Polish chess player (1932–2005)

Romuald Grabczewski (7 February 1932 – 20 August 2005) was a Polish chess player who won the Polish Chess Championship in 1968. He received the FIDE title of International Master (IM) in 1972.

==Chess career==
In 1950 Grabczewski won bronze medal in Polish Junior Chess Championship. From 1953 to 1977 Grabczewski played sixteen times in the Polish Chess Championship's finals, and in 1968 he won tournament in Łódź. In 1966 he won silver medal in first Polish Fast Chess Championship. Grabczewski was a multiple medalist in Polish Team Chess Championship, including nine gold medals.
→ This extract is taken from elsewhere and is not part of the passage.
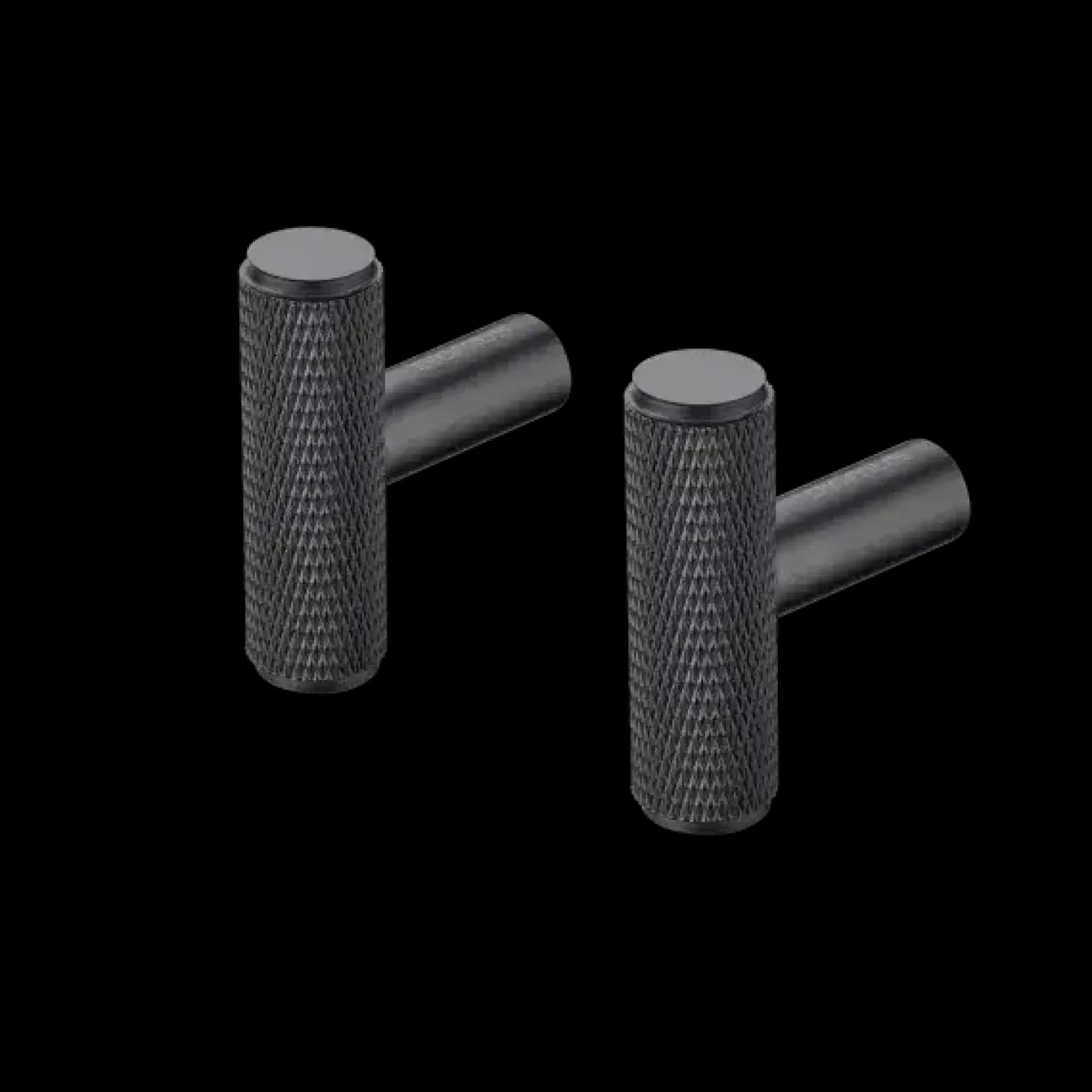 Den cylindriske form og den sorte finish giver krogene et tidløst udtryk. Konstruktionen i metal og jern sikrer, at krogene kan holde til daglig brug og tunge håndklæder uden at miste deres styrke eller stabilitet.

Grabczewski took part in more than twenty international tournaments. He won tournament in Eksjö (1974), stayed in third place in Warsaw (1961), Lublin (1971), Marina Romea (1978), and stayed in fourth place in Dubna (1971).

Romuald Grabczewski played for Poland in Chess Olympiads:
- In 1968, at second reserve board in the 18th Chess Olympiad in Lugano (+2, =4, -1).